**Data extract**
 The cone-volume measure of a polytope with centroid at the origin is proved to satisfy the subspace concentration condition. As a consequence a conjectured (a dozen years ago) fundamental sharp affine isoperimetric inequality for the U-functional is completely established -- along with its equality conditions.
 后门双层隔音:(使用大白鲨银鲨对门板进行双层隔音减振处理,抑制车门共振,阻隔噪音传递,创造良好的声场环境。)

---

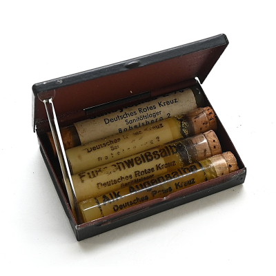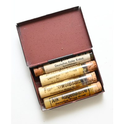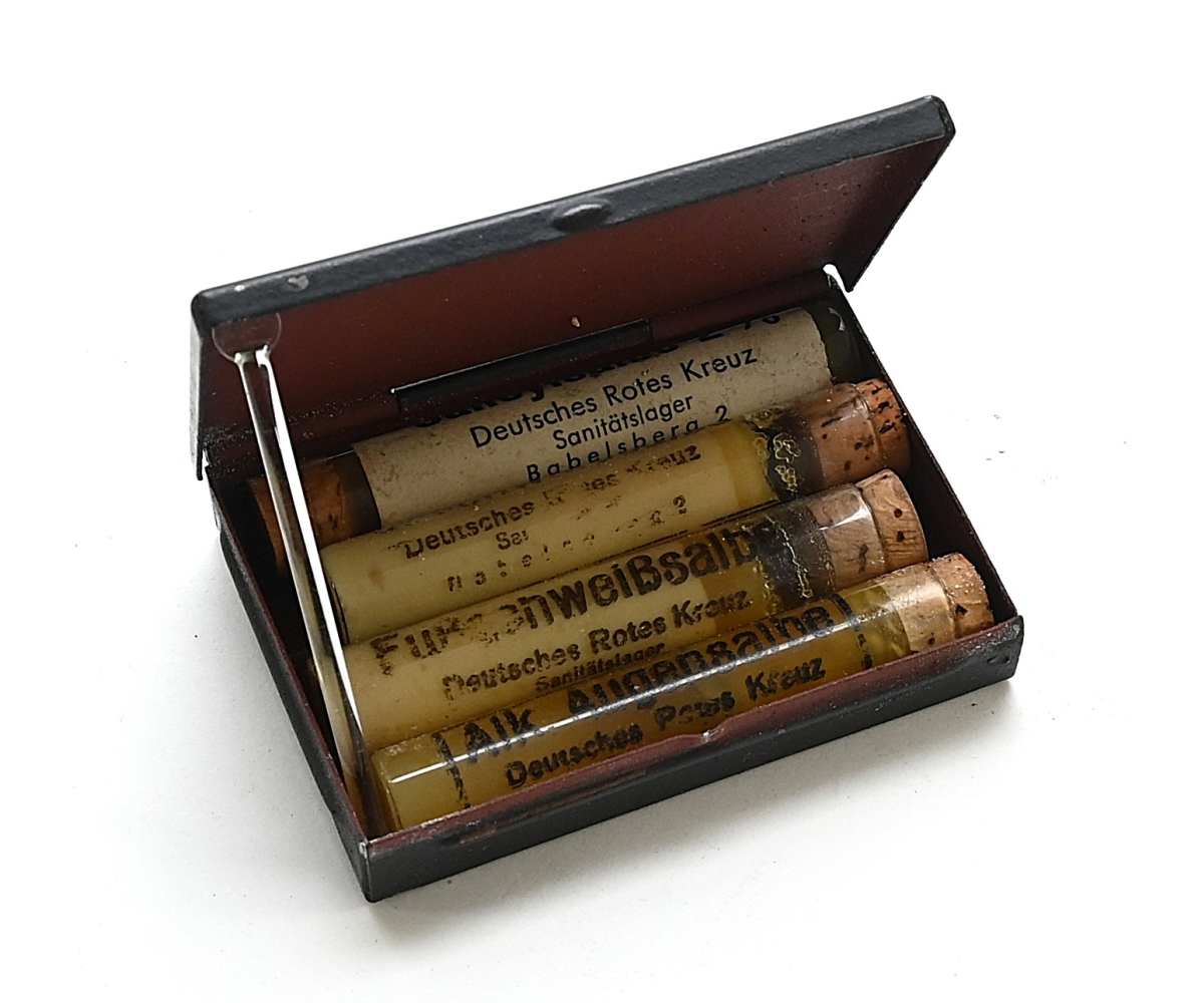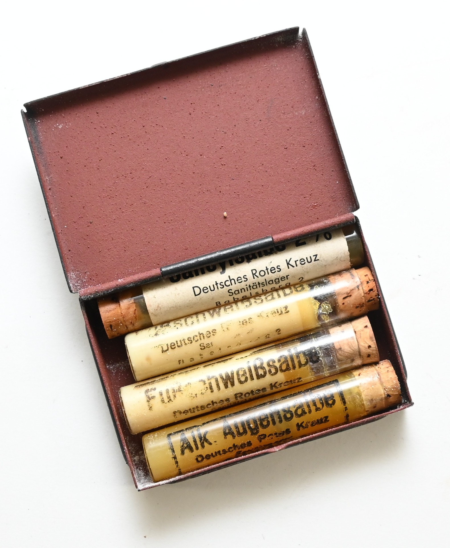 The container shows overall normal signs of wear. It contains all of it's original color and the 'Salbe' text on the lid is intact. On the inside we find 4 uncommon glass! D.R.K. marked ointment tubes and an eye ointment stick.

**Task**
Reproduce, word for word and in full, only the lines above that start at the line with "The cone-volume measure" and run through the line with "后门双层隔音:(使用大白鲨银", both ends included.

**Solved problem**
 The cone-volume measure of a polytope with centroid at the origin is proved to satisfy the subspace concentration condition. As a consequence a conjectured (a dozen years ago) fundamental sharp affine isoperimetric inequality for the U-functional is completely established -- along with its equality conditions.
 后门双层隔音:(使用大白鲨银鲨对门板进行双层隔音减振处理,抑制车门共振,阻隔噪音传递,创造良好的声场环境。)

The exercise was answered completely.